You never know what lies behind the rhetoric…

Unsympathetic book reviewer comes out — to my surprise!

"Look, I desperately wanted to have been born female. That didn't happen and I didn't do anything about it to change that. I'm not a victim. Let me just live out my life in the physical self that I am, and just be happy with what I have. I have a family and it's no longer all about me."

A few days ago I went to the Amazon.com page for my book, Transparently: Behind the Scenes of a Good Life, and was dismayed by a less than favorable review. I have thin skin, I have come to realize, but I was mostly upset about the quote above, which was his opinion of how I should have dealt with my gender dysphoria at my age. I wondered how this particular reviewer could be so harsh and insensitive, especially in view that he had over seventy reviews on books dealing with gender dysphoria and transsexualism. Surely, I reasoned, if this person has read this many books on the subject, how could he still be making this kind of statement?

I don't know if other authors ever attempt to connect with their critics, or if they simply take the good reviews with the bad and go on their way. Is there a protocol for this? As I said, I don't know. 

Finding this reviewer's email address was relatively easy through his Amazon profile. My email to him was polite, I believe, but I did express my disappointment with what he had said about the book. Darn, I wish I had a copy of the email I sent, but I don't. I purged my Gmail mailboxes a few days ago and it's now gone. One of the things he said about me was that I used a lot of self-justification for my decisions, to which I countered it had taken me almost ten years to reconcile my faith to the diagnosis I received at the gender clinic. Admittedly, I said, the last third of the book deals with this process and it does have 'religious' undertones because, after all, my faith was important to me and I was not going to trample over it. Equally important, I was not going to park my brain on the shelf. 
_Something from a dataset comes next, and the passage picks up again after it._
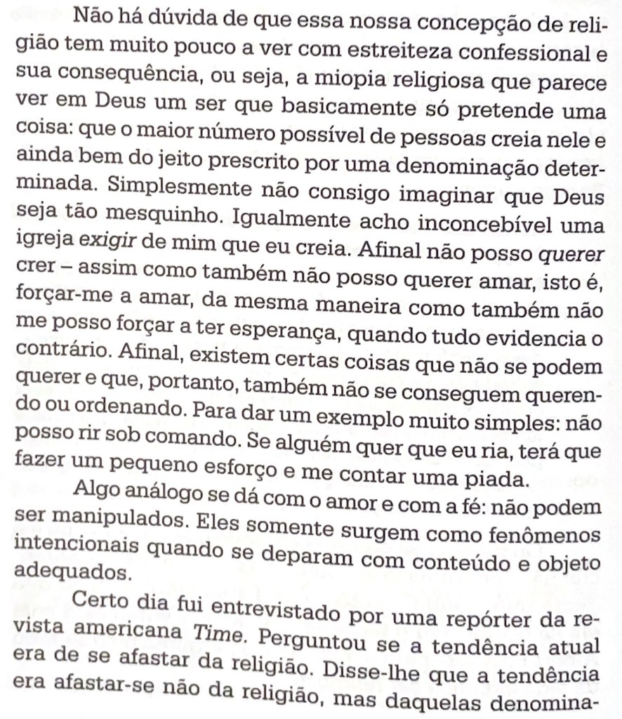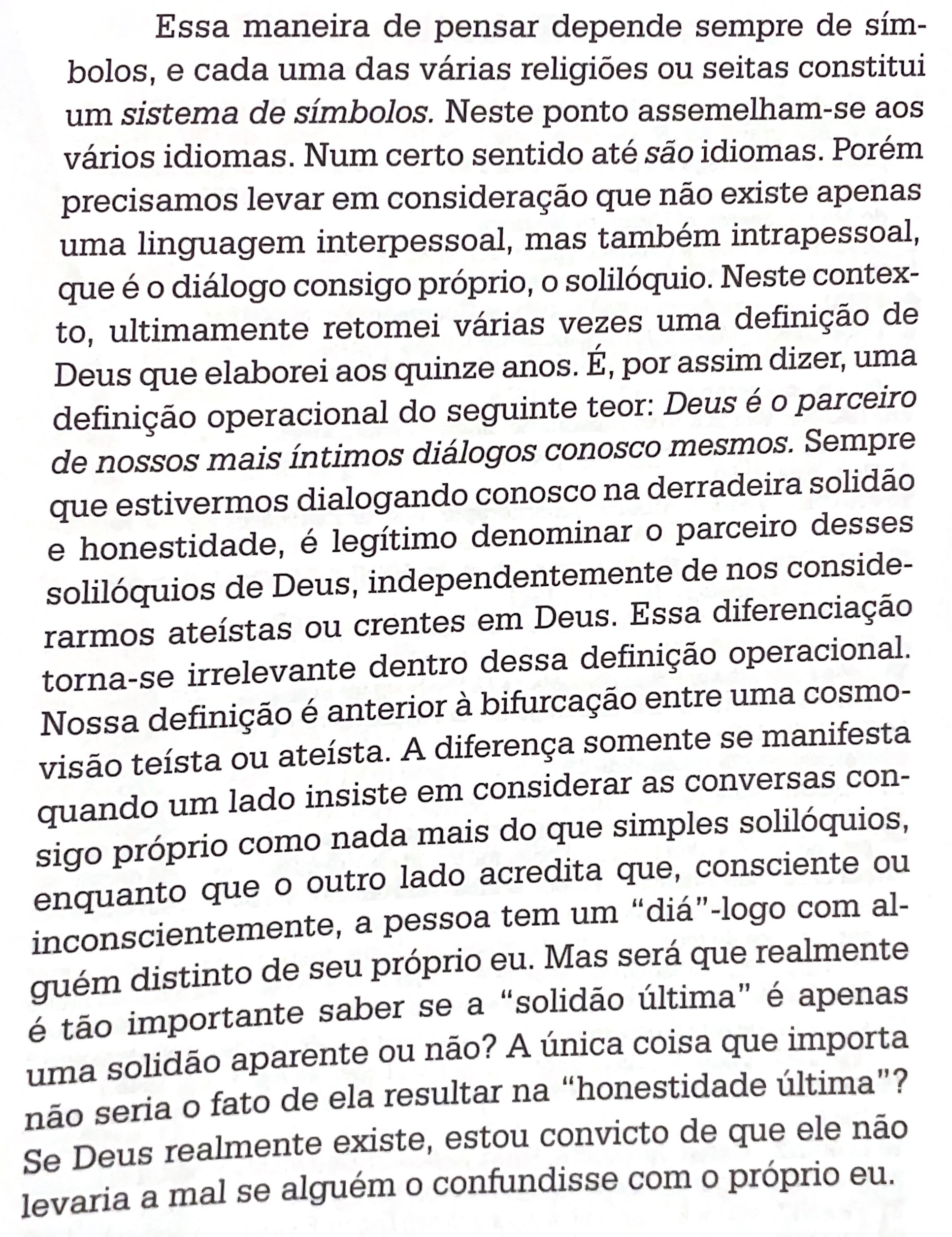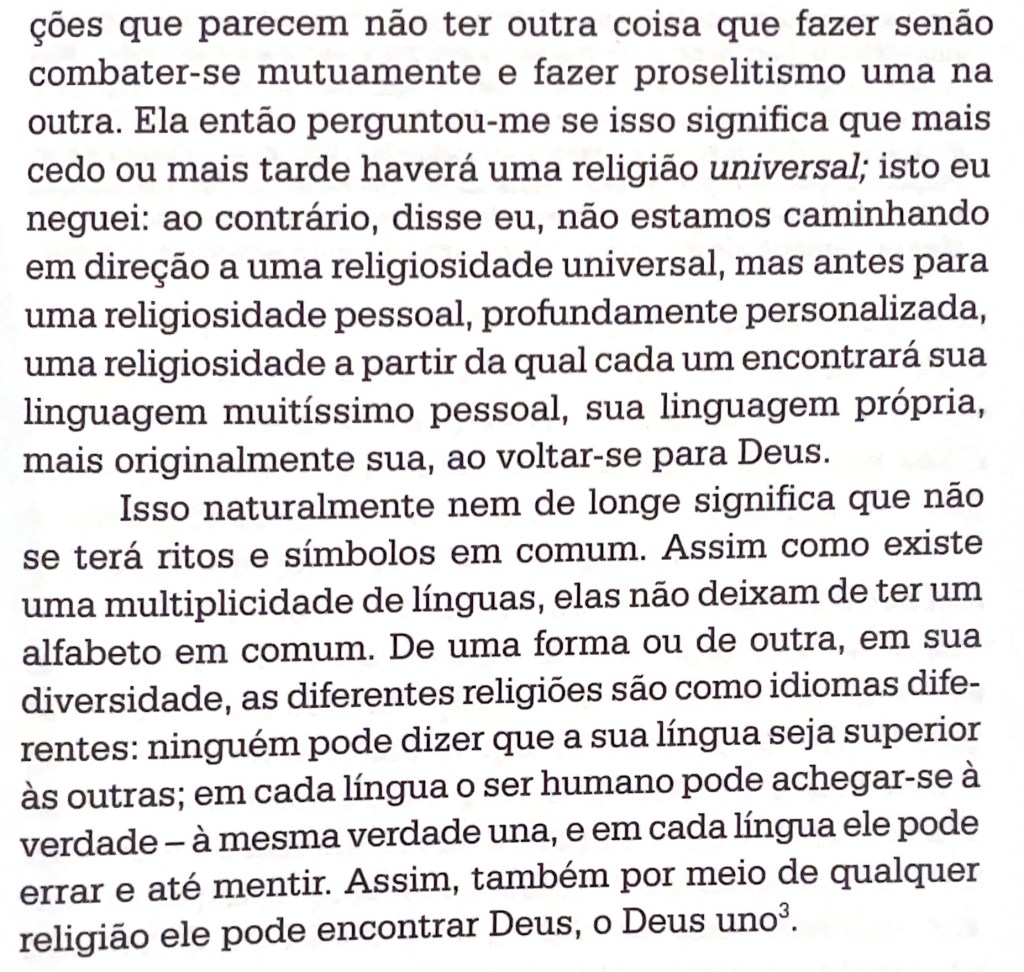 Confesso que senti alívio, depois que o autor usou tantas vezes a idéia de “religião” na sua obra, ao saber que ele não fez a confusão que o uso do termo poderia ter sugerido, entre o que é a liberdade interior de viver diante do Deus verdadeiro, e as formas exteriores de expressão dessa realidade individual sob símbolos coletivos.

His response arrived the following day and it took me by surprise. The negativity in his review had not sat well with him either, and even before he received my message, he had already removed the review in Amazon. He was sincerely sorry for having said the things he did and proceeded to say how much he respected my journey and my courage.

The funny thing is his review threw me into a funk that lasted a couple of days during which I licked my wounds and did some soul searching. Who did I think I was in the first place, to publish a book and think it would be of any use to anyone? What in the world was I thinking? And now that the deed was done, why was I feeling sorry for myself like I was? All of this questioning was what prompted me to write him in the first place. But now his response to my email had left me feeling somewhat vindicated, but more importantly, humbled.

Then, this morning, I received a most touching email from this person. Turns out this person, too, is transgender.  Instead of transitioning as I have done, he has actually taken his own medicine. From the photo in his profile, I surmise he is several years older than me. As much as he would have liked to transition as I have, he never did, and chose instead to devote his attention to helping others by trying to understand gender dysphoria, hence his insatiable interest in the subject. He has become a licensed marriage & family therapist in private practice and for this, my hat goes off to him. He calls me courageous? Well friends, that is what I call him. I was not strong enough to choose his remedy for myself—not all trans stories have the same ending, do they?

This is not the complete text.